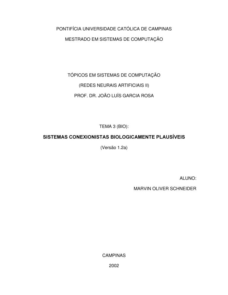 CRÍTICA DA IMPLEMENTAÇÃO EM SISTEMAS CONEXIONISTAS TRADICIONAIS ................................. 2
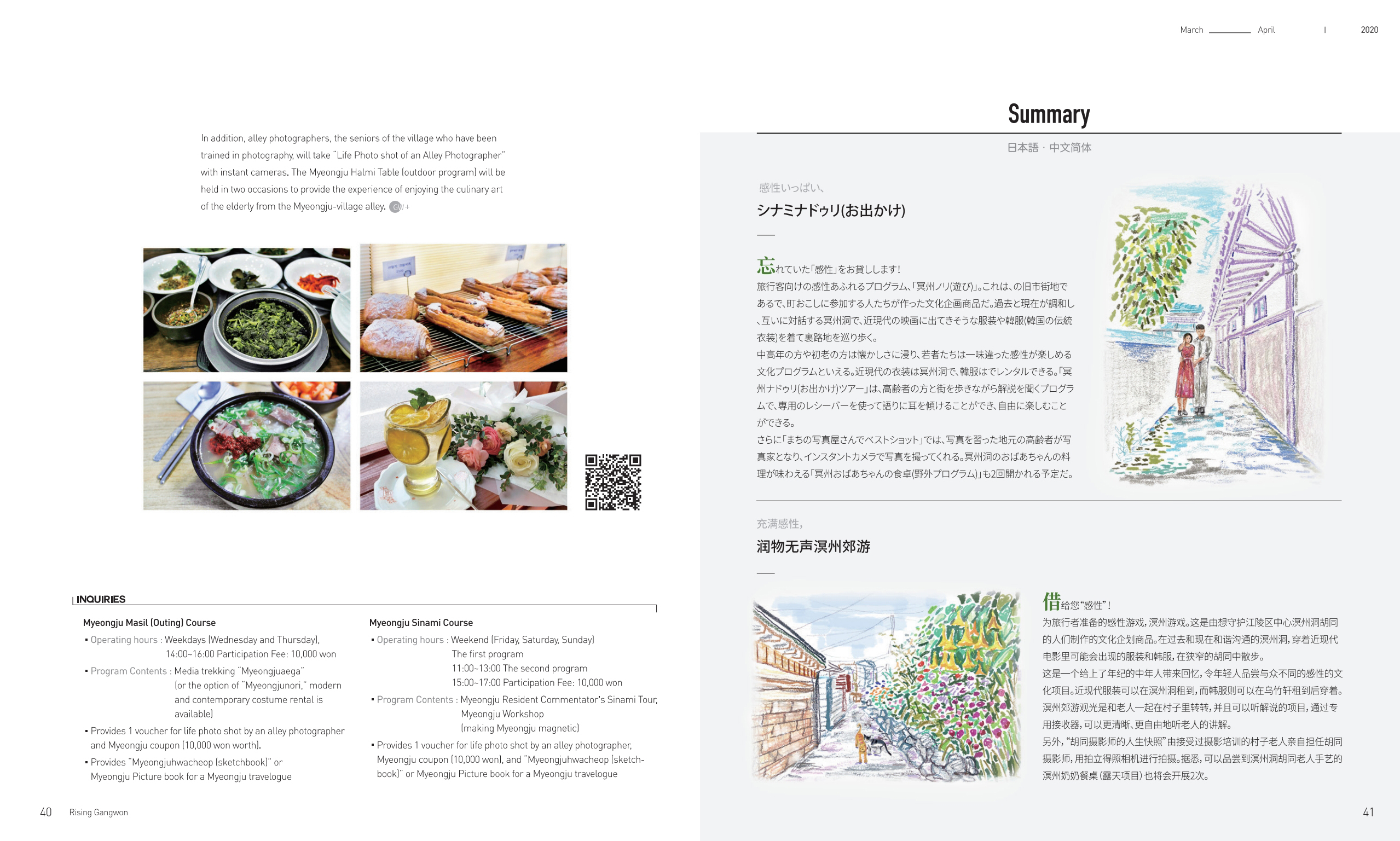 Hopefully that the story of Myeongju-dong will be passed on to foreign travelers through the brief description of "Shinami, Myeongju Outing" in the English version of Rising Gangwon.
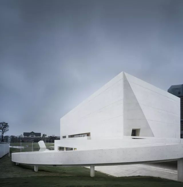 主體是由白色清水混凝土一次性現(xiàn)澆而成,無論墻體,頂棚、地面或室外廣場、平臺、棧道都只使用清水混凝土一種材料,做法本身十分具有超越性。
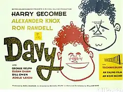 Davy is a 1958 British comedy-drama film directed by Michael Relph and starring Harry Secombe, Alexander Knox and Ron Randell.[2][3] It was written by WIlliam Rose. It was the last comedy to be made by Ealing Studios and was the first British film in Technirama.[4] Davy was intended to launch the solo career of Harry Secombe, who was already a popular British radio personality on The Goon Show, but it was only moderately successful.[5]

## Directions for this task
None of the pictures should be reproduced; all other material above must be set down exactly.

## Expected output
 CRÍTICA DA IMPLEMENTAÇÃO EM SISTEMAS CONEXIONISTAS TRADICIONAIS ................................. 2
 Hopefully that the story of Myeongju-dong will be passed on to foreign travelers through the brief description of "Shinami, Myeongju Outing" in the English version of Rising Gangwon.
 主體是由白色清水混凝土一次性現(xiàn)澆而成,無論墻體,頂棚、地面或室外廣場、平臺、棧道都只使用清水混凝土一種材料,做法本身十分具有超越性。
 Davy is a 1958 British comedy-drama film directed by Michael Relph and starring Harry Secombe, Alexander Knox and Ron Randell.[2][3] It was written by WIlliam Rose. It was the last comedy to be made by Ealing Studios and was the first British film in Technirama.[4] Davy was intended to launch the solo career of Harry Secombe, who was already a popular British radio personality on The Goon Show, but it was only moderately successful.[5]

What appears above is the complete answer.